Je ne suis pas un grand connaisseur du groupe anglais Cardiacs, mais leur nom et leurs pochettes inquiétantes me sont toujours restés en mémoire, notamment celle de Sing to God et ses quatre portraits torturés. Sorti en 1996, ce disque est devenu culte, le groupe ayant publié cinq albums entre 1988 et 1999… jusqu’à ce nouvel album, inattendu. J’avais tenté quelques écoutes par le passé, sans que la magie n’opère. Et puis, en lisant des interviews du bassiste de Between the Buried and Me et de Mike Vennart (Oceansize), tous deux décrivant Sing to God comme un classique absolu, ma curiosité a fini par l’emporter. Et j’ai fini par comprendre leur engouement.
Car Cardiacs, c’est ce genre de groupe culte, confidentiel mais adulé, complètement barré, avec une fanbase fervente et passionnée. Leur musique demande un déclic, une porte d’entrée pour accepter un univers à la fois unique et déroutant.
L’histoire de LSD, nouvel et ultime album, ajoute encore à cette aura. Commencé en 2007, il n’a été terminé que l’année dernière, cinq ans après le décès de Tim Smith, chanteur et compositeur principal, gravement diminué par un arrêt cardiaque en 2008 qui l’avait laissé paralysé. Depuis 2020, son frère et bassiste Jim Smith a supervisé la finalisation de l’album à partir des enregistrements existants et des notes laissées par Tim. Le résultat est une œuvre fissurée mais euphorique, parfois trop fissurée même, certains morceaux paraissant plus esquissés que véritablement finalisés.
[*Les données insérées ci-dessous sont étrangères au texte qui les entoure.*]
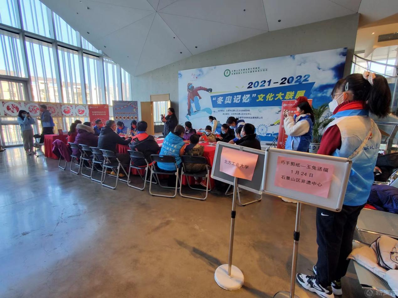活动现场,北京市石景山区剪纸第四代非遗传承人杨秀英老师讲授剪纸技巧,大学生们带领前来参观的游客体验并剪出玉兔、红灯笼等不同吉祥图案。体验环节之后,beat365官方网站的同学们还以春节期间的习俗为题,组织有奖竞答,并为作答正确的游客送上了由大学生自主设计的兔年剪纸台历和兔年剪纸口罩作为奖品。现场欢声笑语、其乐融融,小小的剪纸活动剪出了彼此的和谐友爱、剪出了浓浓的年味,为新春增添了一抹喜庆的“中国红”。

Avec ses 80 minutes et ses 17 titres, l’album peut aussi sembler trop long, diluant parfois son impact dans des morceaux plus mineurs.
Le style de Smith reste immédiatement reconnaissable : sur une base pop/rock classique, il déconstruit les accords, multiplie les modulations bizarres et casse les rythmes en ajoutant des mesures cabossées comme au hasard. C’est une joyeuse pop bancale, un improbable mélange entre les Beatles les plus psychédéliques et Frank Zappa, gonflée de bravoure instrumentale (avec notamment de superbes solos de guitare), et multipliant les arrangements de pianos, cordes et cuivres. Le ton est frénétique, presque hystérique, une fête joviale qui frôle la folie… mais qui peut aussi fatiguer à la longue tant tout est toujours survolté. Sur le papier, d’autres groupes pourraient sembler proches, comme le Mr Bungle époque California, mais en réalité, Cardiacs restent totalement à part.
Problème majeur : avant son accident, Tim Smith n’avait enregistré ses voix que sur six morceaux. C’est Mike Vennart, ancien leader d’Oceansize et fan ultime du groupe, qui a repris le flambeau avec brio. Sa voix colle parfaitement à la musique, même si, à force de vouloir incarner l’esprit de Smith, il donne parfois l’impression de le singer. Cela dit, certains morceaux comme l’excellent Downup fonctionnent particulièrement bien avec lui, au point de me faire préférer sa version.
Au final, LSD sonne comme une suite logique de Sing to God, trente ans plus tard. On y retrouve les mêmes ruptures rythmiques et mélodiques, la même exubérance, la même patte si singulière. Mais cette fidélité à la formule laisse aussi un goût de redite : pas de réelle évolution, plutôt une prolongation. On perd l’effet de surprise, et certains pourront trouver que ce dernier chapitre manque d’audace. Pourtant, il reste évident que Cardiacs demeurent inclassables.
Sing to God reste leur chef-d’œuvre monumental ; LSD ne l’égale pas, mais s’impose comme un digne compagnon. Une ultime déflagration de génie fissuré qui confirme à quel point Cardiacs ont toujours été uniques. Un dernier voyage prog-punk psychédélique, aussi euphorique qu’improbable, qui scelle l’héritage d’un groupe définitivement hors norme.